▶ Input
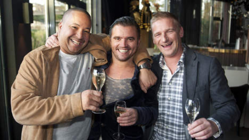 V.l.n.r.: Chefkok Francois Geurds met sommelier Robbert Veuger en kok Stefan van Sprang van restaurant Aan de Poel.
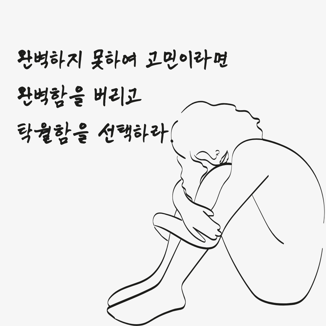 2. 완벽하지 못하여 고민이라면 완벽함을 버리고 탁월함을 선택하라. 완벽함을 추구하면 작은 실수에도 무너지기 쉽습니다. 그리고 완벽하지 못한 자신을 탓하게 됩니다. 만약 완벽하지 못하여 고민이라면 남들 보다 뛰어난 탁월함을 바라보세요. 모든 사람들에게는 저마다 뛰어난 능력이 있기 마련입니다. 완벽하지 않더라도 자신만이 가진 탁월함을 찾는다면 성공의 길로 걸어갈 수 있을 것입니다.
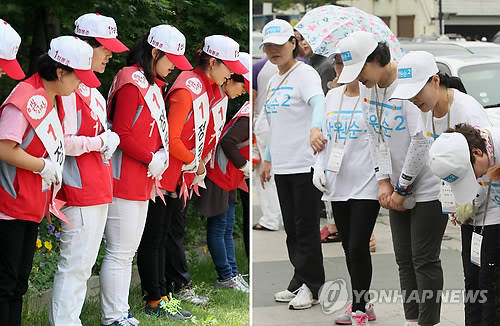 ▲6·4 지방선거 D-3일이자 휴일인 1일 서울시장을 두고 맞붙은 새누리당 정몽준 후보측과 새정치민주연합 박원순 후보측의 유세가 계속됐다. 새누리당 정몽준 후보 선거운동원들이 이날 서울 서초구 관문사 입구에서 '기호1번 정몽준'이 새겨진 모자와 옷을 입고(사진 왼쪽), 새정치민주연합 박원순 후보측 선거운동원들이 서울 왕십리역 광장에서 '기호2번 박원순'이 새겨진 모자와 옷을 같이 입고 각각 유권자들의 지지를 호소하고 있다.(사진=연합뉴스)
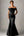 Zwarte strapless fluwelen sprankelende strikken lange formele jurk met hoge split (geen handschoenen)
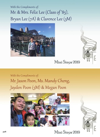 With the Compliments of: Mr. & Mrs. Felix Lee (Class of '85), Bryan Lee (7A) & Clarence Lee (3M) With the Compliments of: Mr. Jason Poon, Ms. Mandy Cheng, Jayden Poon (3M) & Megan Poon 328
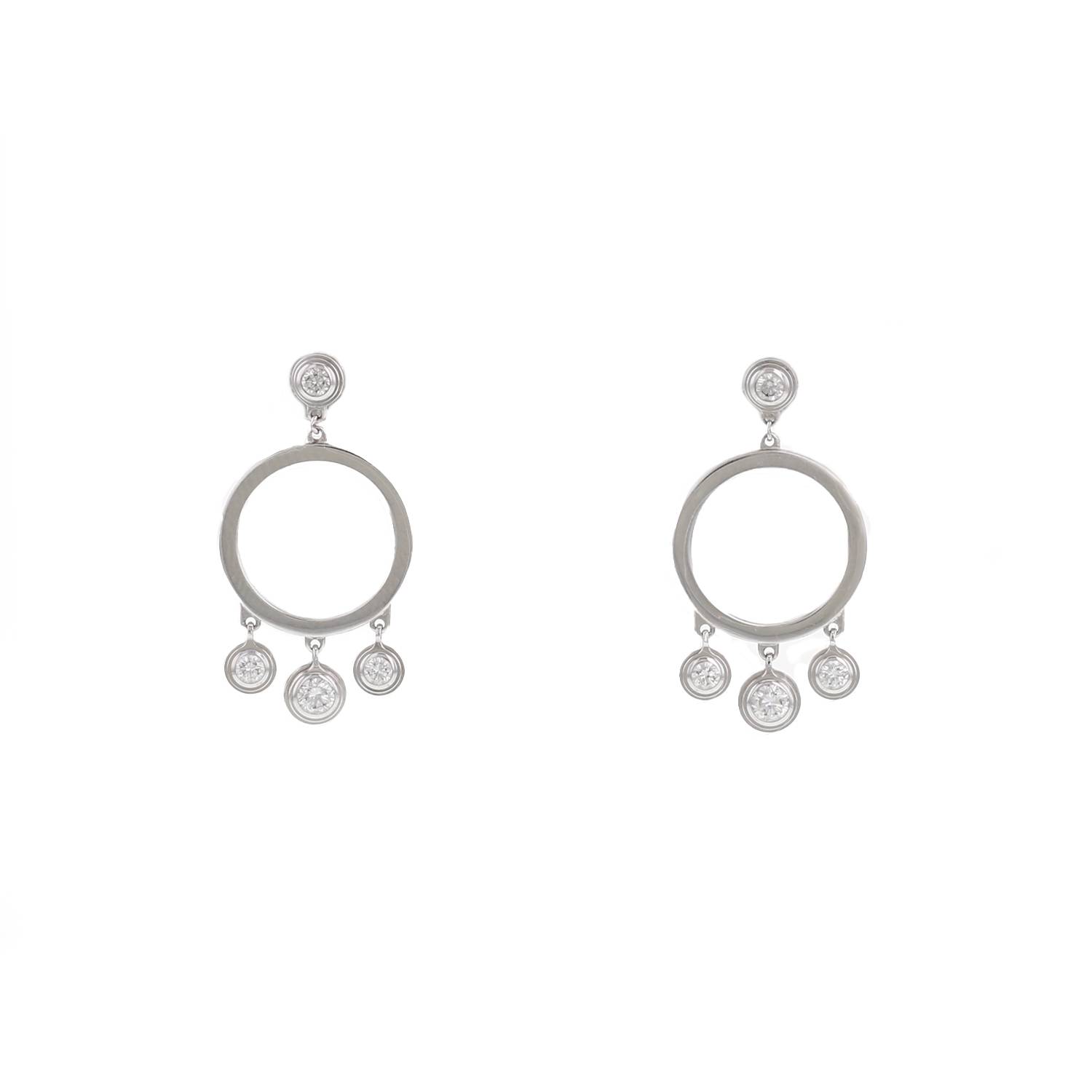 Pendientes Cartier de oro blanco y diamantes, elegantemente engastados de diamantes de talla brillante, compuestos de motivos redondos articulados calados de oro blanco, que sujeta colgantes delicadamente engastados de diamantes de talla brillante.
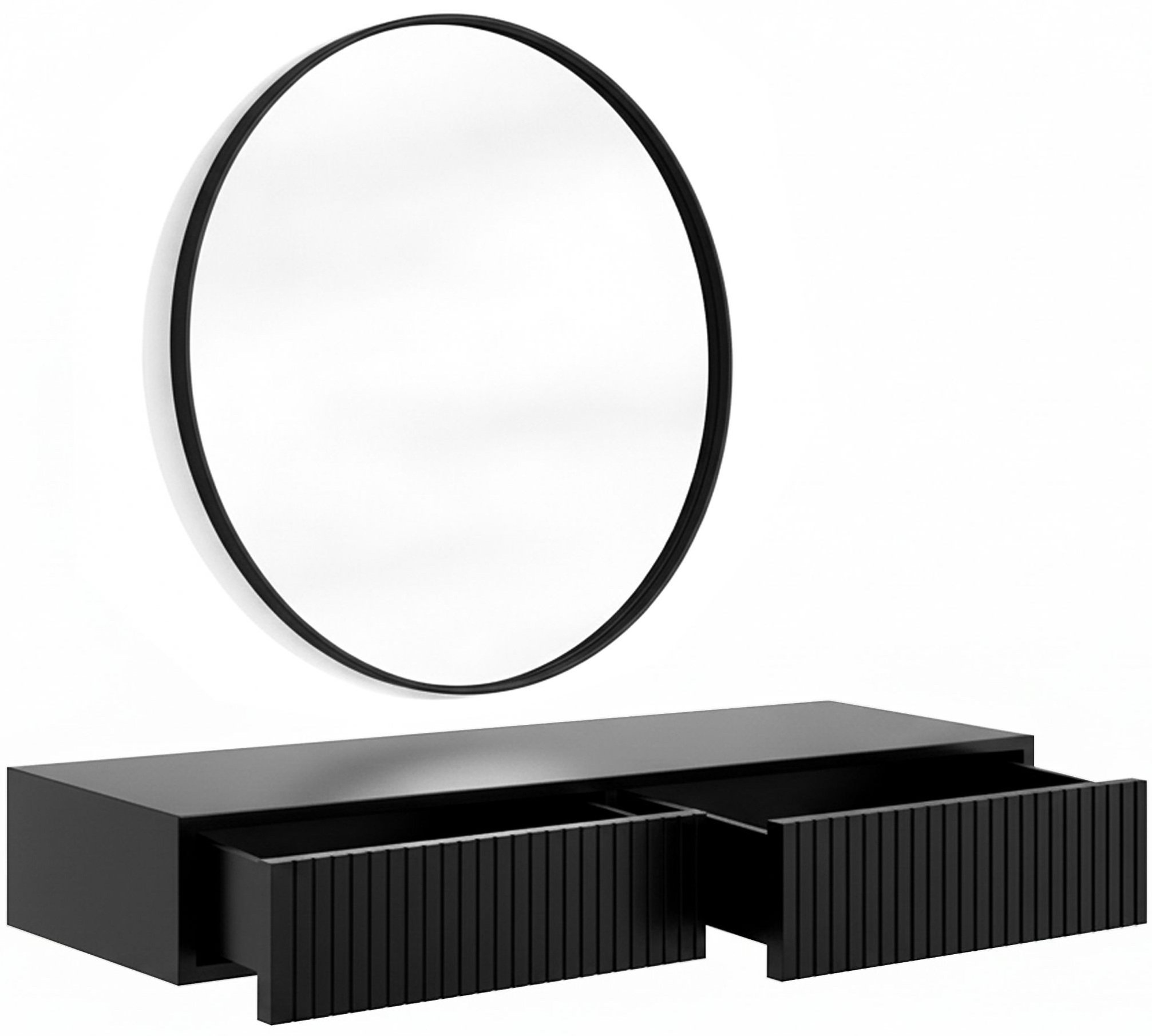Ako tražite zidni toaletni stolić koji spaja eleganciju, funkcionalnost i kvalitetnu izradu, Nicole 80 cm – Bogart je izvrstan izbor. Njezin mat crni izgled, vertikalno rebraste fronte i promišljen dizajn vašem će prostoru dodati sofisticiran karakter, a svakodnevno uređivanje učiniti ugodnijim i organiziranijim.

▶ What the task asks
Please print the lines above word for word, starting at the one with "Zwarte strapless fluwelen" and ending at the one with "Pendientes Cartier de", both included, and without any picture.

▶ Exercise result
 Zwarte strapless fluwelen sprankelende strikken lange formele jurk met hoge split (geen handschoenen)
 With the Compliments of: Mr. & Mrs. Felix Lee (Class of '85), Bryan Lee (7A) & Clarence Lee (3M) With the Compliments of: Mr. Jason Poon, Ms. Mandy Cheng, Jayden Poon (3M) & Megan Poon 328
 Pendientes Cartier de oro blanco y diamantes, elegantemente engastados de diamantes de talla brillante, compuestos de motivos redondos articulados calados de oro blanco, que sujeta colgantes delicadamente engastados de diamantes de talla brillante.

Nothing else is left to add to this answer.